28th June, 2008. 6.30 a.m, Frankfurt time.
So here I am sitting in the United Airlines lounge at I have no idea what time in the Frankfurt airport. Another new turning point in my life. I’m beginning to think that I might already have too many of those in my life.
Actually the whole way, I was feeling rather blasé about the whole thing. I have been waiting for about half a year for this after all! It just gets to the point where you want to just get it over with. There was this great big and tall American daddy who had his Chinese
(wow I just saw a guy who looks like an oldd David Boreanez)
wife and 2 kids with him, a boy and a girl. The wife had a beautifully soft Beijing accent and I thought how wonderful it was for the kids to be growing up learning two languages at once. I particularly envied the little girl. Her dad was hugging her and playing with her and she just looked so tiny in his big frame.
By the way. I don’t think there’s a single Asian in this lounge except for the two Filipino ladies at the counter. Bleh. Get used to it, right?

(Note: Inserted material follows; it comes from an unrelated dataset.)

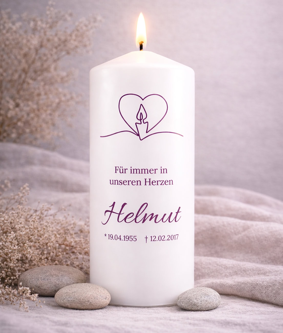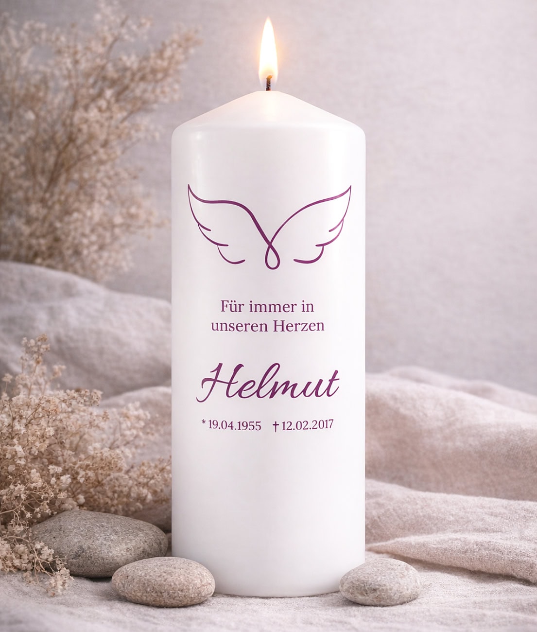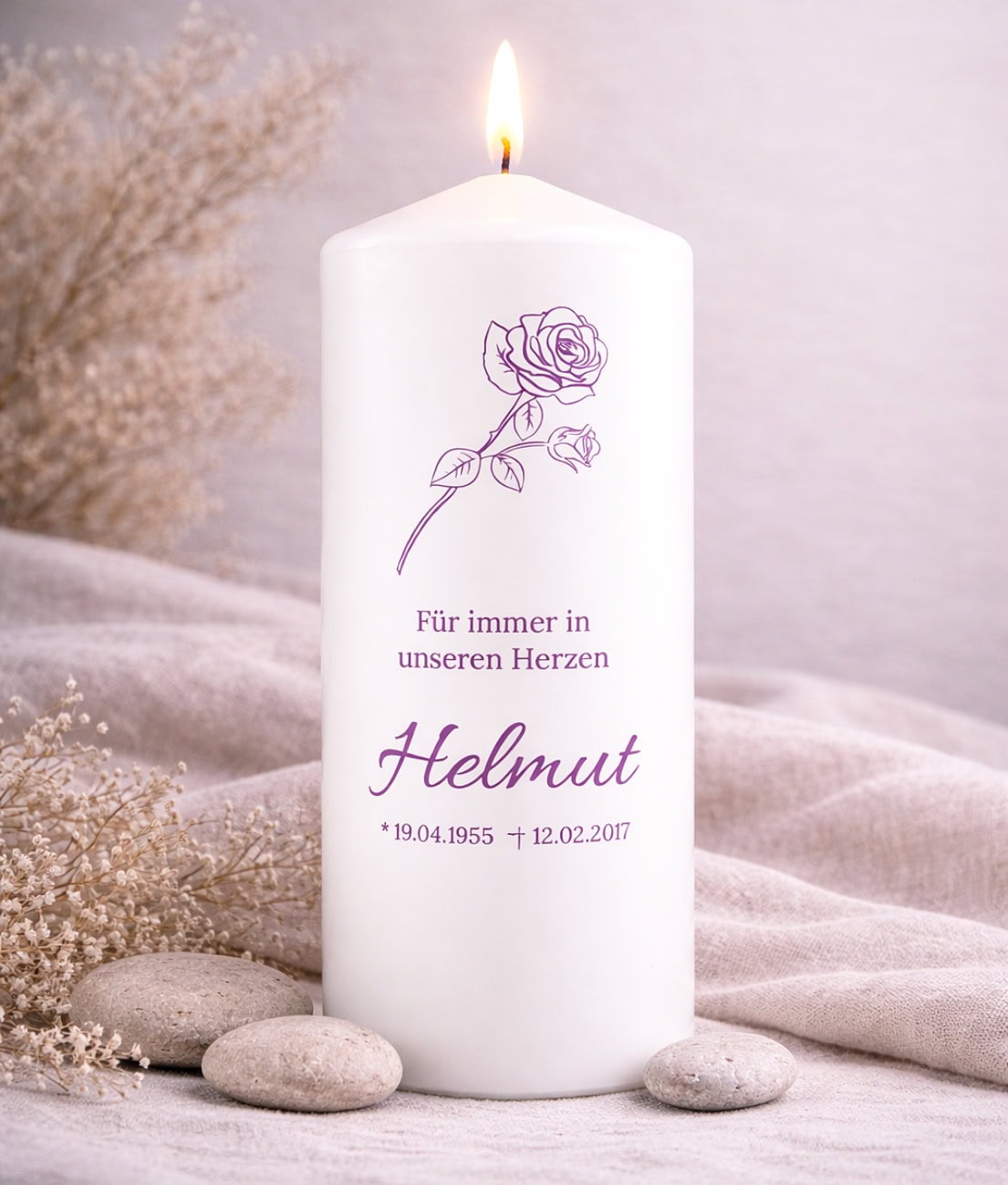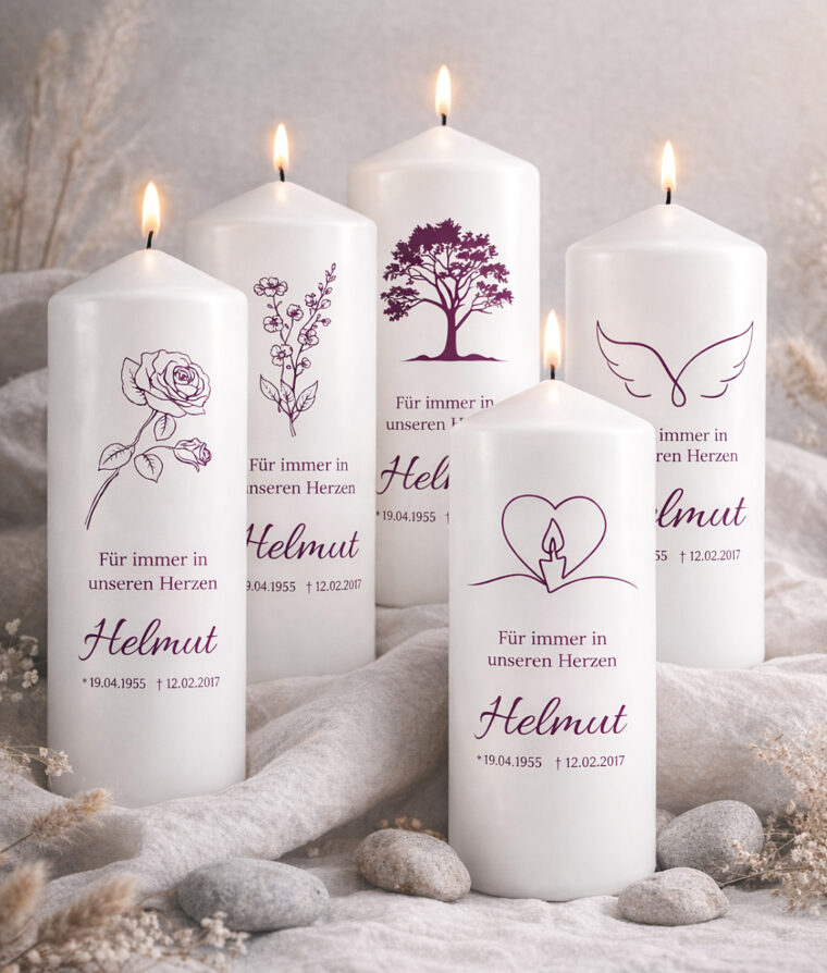Besonders individuell wird die Kerze durch die Personalisierung mit Name, Geburts- und Sterbedatum sowie einem persönlichen Gedenktext. Beliebte Texte sind beispielsweise „Für immer in unseren Herzen“, „In liebevoller Erinnerung“ oder ein ganz persönlicher Abschiedsspruch.

Anyway, the daddy was talking to his little girl about landing in Frankfurt and he said in a singsong voice to her “we are landing in Germany”. And then it just hit me.
I am landing in Germany.
Why?
Because I’m going to the United States to meet and live and work with people that I completely do not know at all. It’s going to be a whole new culture, with barely any Asians, as compared with my first time in Perth before, and I have this gigantic fear that l will not be able to live up to the irritating reputation of being the Old Man’s daughter, whom all worship and fear.
The Old Man I mean. Not me. Obviously.
As Diehard would say. Holy $h!t!!!!!!!!!!!!!
Ooh. Filipinos speaking German. The wonders of globalisation.
ohh.. speaking of Diehard. Yes. Several of the Caucasians around are quite easy on the eye. But honestly. Do I care? I just look dejectedly at their chiselled faces and remember large brown eyes on top of a gigantic but adorably sensitive nose. And the rest of the whole package.
Cue the extremely-long-drawn sigh.
Oh well. We have determined that this is definitely positively the path I should be taking. I will be strong! I will be independent! I will be…
Damn I’m tired. Talk to you when I get to W-S.